I actually got a laugh out of it, once I realized what had happened. But I do agree, a little more info would have been better.


----------



## sparkysteve (Jan 23, 2007)

I had an inspector show up on a job once, find me while I was on the phone with our office, take the phone from my hand, shut it, and said "I'm the electrical inspector. When I'm here, I'm the most important person here!" 

Some of those guys are on the world's biggest power trip. The earth revolves around them. 

All he found on the RI inspection was 2 wires that didn't get stapled at a recept. He red tagged it and came back the next day. He "didn't have time to watch me fix it" as it was lunchtime. He then asked if I even had a license and said I should thank him for doing my punch list for me. He has recently retired. Thank goodness. That same building took 3 final inspections because he didn't have time to look at everything in a day (1 hour visits Mon. Wed. Fri.). He also couldn't inspect the roof because he was too fat to fit through the 24x24 roof hatch. :laughing:


----------



## JohnJ0906 (Jan 22, 2007)

He couldn't wait 5 seconds for a couple of staples?!?

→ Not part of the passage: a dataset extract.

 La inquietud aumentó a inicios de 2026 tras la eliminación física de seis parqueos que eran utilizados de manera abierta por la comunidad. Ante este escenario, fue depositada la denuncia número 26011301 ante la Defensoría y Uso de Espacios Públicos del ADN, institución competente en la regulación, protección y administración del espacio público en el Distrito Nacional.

3 trips for 1 inspection? I would have filed a complaint on that one.

I'm glad for your sake he's retired.


----------



## sparkysteve (Jan 23, 2007)

I don't think a complaint would have done any good. For some odd reason he was greatly respected by the city officials. He did the world a favor and retired. Rumor is he is very union-loyal and tries to make things easier for them and harder for us non-union types.


----------



## sguinn (Nov 19, 2007)

JohnJ0906 said:


> He couldn't wait 5 seconds for a couple of staples?!?
> 
> 3 trips for 1 inspection? I would have filed a complaint on that one.
> 
> I'm glad for your sake he's retired.


Working on a commercial job in Atlanta we got turned down on a rough because (1) outside light box didn't have a bond jumper in it. Told the inspector to wait just a second and there would be but he said,"Call me back when it's ready".


----------



## 480sparky (Sep 20, 2007)

Better than finding one of these on the door of the job site:


----------



## Nosparxsse (Aug 12, 2007)

480sparky said:


> Better than finding one of these on the door of the job site:
> 
> QUOTE]
> 
> ...


----------



## obi-wan (Jan 24, 2008)

I walk roughs with a hammer and staples.


----------



## sguinn (Nov 19, 2007)

obi-wan said:


> I walk roughs with a hammer and staples.

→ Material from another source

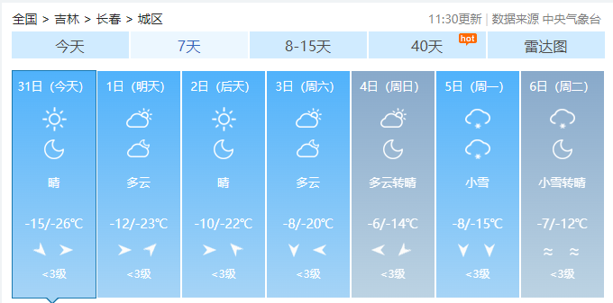 1월 31일부터 미래 일주일 동안 길림성의 평균기온은 -14℃ 좌우이다. 전성 평균 강수량은 3.0밀리메터 좌우이다.특히 주의해야 할 것은 2월 5일부터 6일까지 료원, 길림 남부, 통화, 백산, 연변, 장백산보호구에는 중간...

Is that prior to inspection?


----------



## Idaho Abe (Nov 28, 2007)

*Inspectors*

I am an electrical inspector for a jurisdiction of 50k citizens. Whne I do an inspection I am required to give exact code reference for each violation. If your inspector cannot do this appeal to his supervisor. My objective is to make each installation as near perfect as possible. To that end I have to work with electricians and public, God save us from Time Life Books. Every inspector I have known in my 20 year career has certain things they look for and some times the code changes so the inspector has to back up his statements with code. If I cannot find it in the book it does not exist or it has changed. Also please try to call us before you s/rock. Hmmmmm.


----------



## randomkiller (Sep 28, 2007)

One of my first experiences with inspectors was as a newbie. I was running pvc conduit on a concrete wall in a deep basement with gravel on the floor and a ladder being the only access down there. There was a bunch of guys working on switch gear in a vault just off where I was. As some old guy is coming down the ladder the foreman ran over an kicked it out at the bottom. The guy fell and broke his leg on the way down. Yup that was the inspector. I was told he had been busting balls since the trench work when he complained about the mud.


----------



## nakulak (Dec 10, 2007)

randomkiller said:


> the foreman ran over an kicked it out at the bottom.


nice guy. getting him fired would be ok, but noone deserves to be treated like that.

I did hear a funny story about an inspector who used to show up on the job in a motorcycle at a certain job. He'd always park in the same place, and he was a ballbuster. They dug a hole at the entrance, filled it with water, and covered it with a piece of cardboard. The poor guy came as planned and had a nice mud bath (I don't think they got their inspection though)


----------



## randomkiller (Sep 28, 2007)

nakulak said:


> nice guy. getting him fired would be ok, but noone deserves to be treated like that.
> 
> I did hear a funny story about an inspector who used to show up on the job in a motorcycle at a certain job. He'd always park in the same place, and he was a ballbuster. They dug a hole at the entrance, filled it with water, and covered it with a piece of cardboard. The poor guy came as planned and had a nice mud bath (I don't think they got their inspection though)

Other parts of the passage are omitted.